→ **What the exercise asks**
A single number is the whole answer: the count of lines in the records where "with" occurs.

==== Data for this exercise

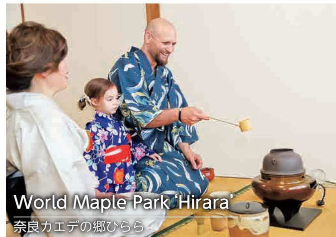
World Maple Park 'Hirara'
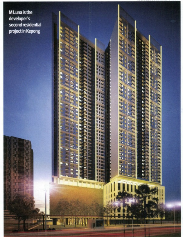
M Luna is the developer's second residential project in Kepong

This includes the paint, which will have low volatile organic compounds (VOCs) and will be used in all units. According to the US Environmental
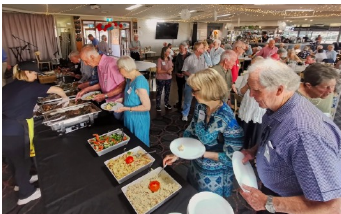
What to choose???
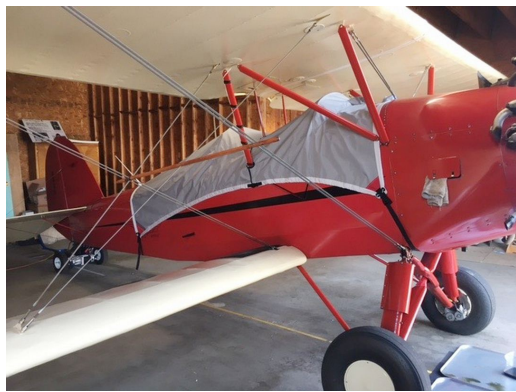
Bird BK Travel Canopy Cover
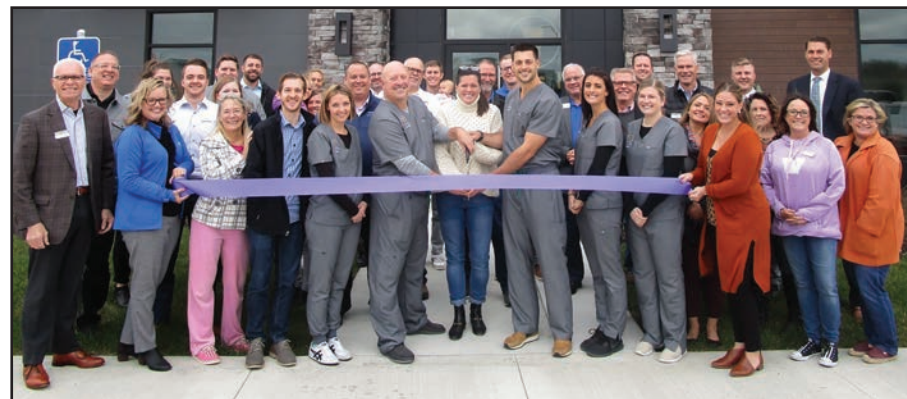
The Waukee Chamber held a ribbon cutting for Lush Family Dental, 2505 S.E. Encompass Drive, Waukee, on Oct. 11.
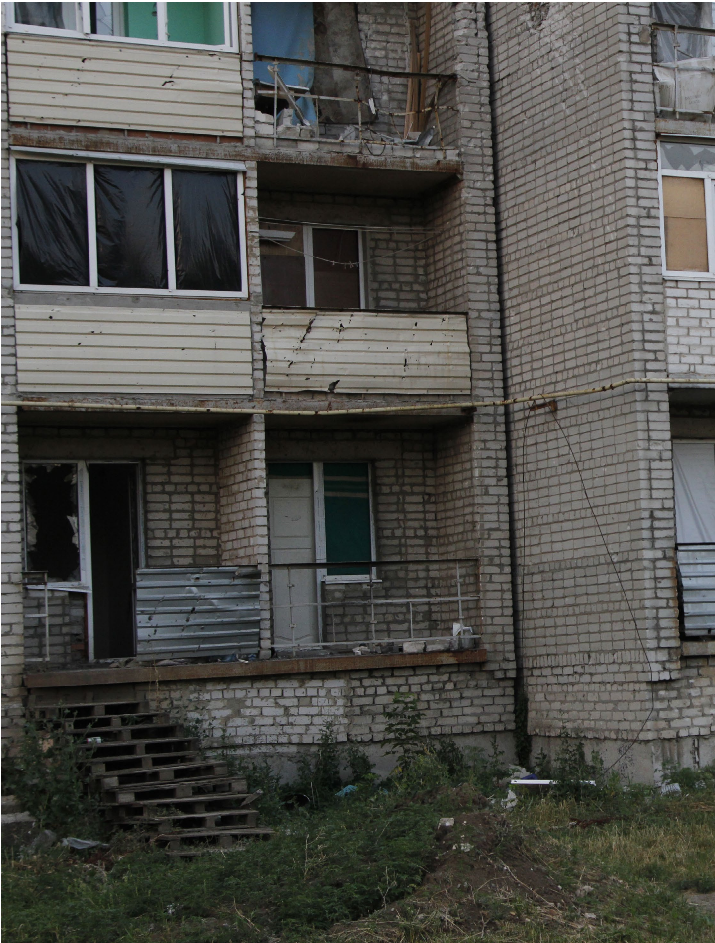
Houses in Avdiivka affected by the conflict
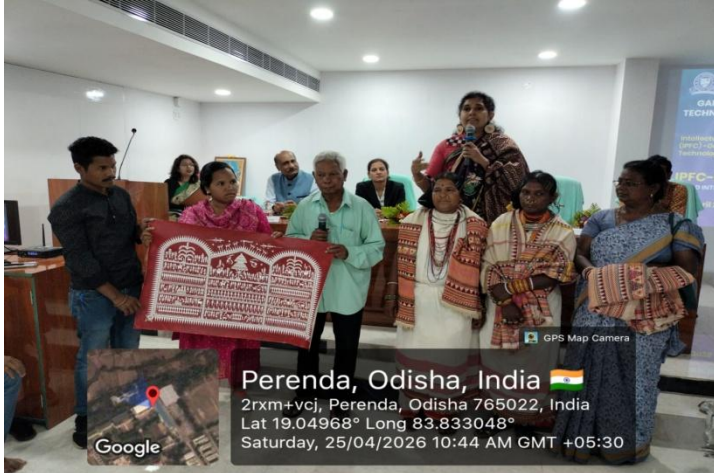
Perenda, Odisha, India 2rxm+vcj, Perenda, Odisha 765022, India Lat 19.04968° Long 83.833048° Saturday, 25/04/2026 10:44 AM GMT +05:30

========
==== Data for this exercise

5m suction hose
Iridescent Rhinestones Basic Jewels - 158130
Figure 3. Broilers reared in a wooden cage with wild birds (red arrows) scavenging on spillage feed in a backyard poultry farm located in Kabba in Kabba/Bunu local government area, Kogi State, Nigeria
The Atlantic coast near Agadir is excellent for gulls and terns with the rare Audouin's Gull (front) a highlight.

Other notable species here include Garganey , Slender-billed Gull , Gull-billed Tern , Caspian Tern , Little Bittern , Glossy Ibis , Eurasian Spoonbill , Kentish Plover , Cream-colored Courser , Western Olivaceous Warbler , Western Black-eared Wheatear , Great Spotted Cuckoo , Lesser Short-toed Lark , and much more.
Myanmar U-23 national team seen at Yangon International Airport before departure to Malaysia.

========
==== Data for this exercise

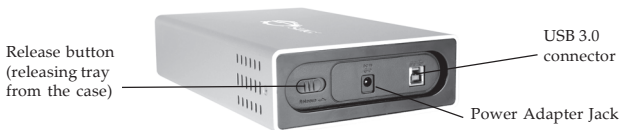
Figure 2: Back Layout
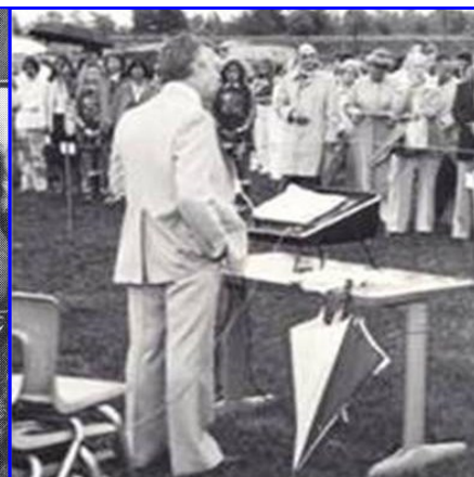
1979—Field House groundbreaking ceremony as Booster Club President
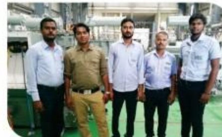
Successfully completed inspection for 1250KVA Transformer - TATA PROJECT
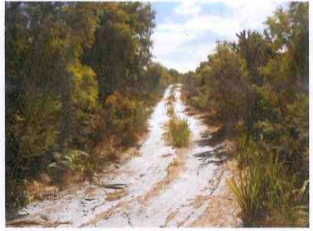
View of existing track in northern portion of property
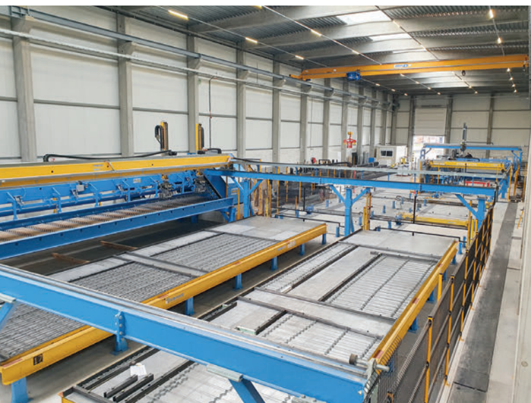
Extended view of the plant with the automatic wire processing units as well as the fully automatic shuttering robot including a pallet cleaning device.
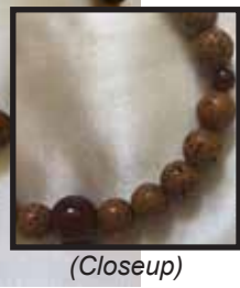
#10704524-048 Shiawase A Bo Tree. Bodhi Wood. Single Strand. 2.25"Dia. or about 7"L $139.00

========

→ **Answer to the problem**
3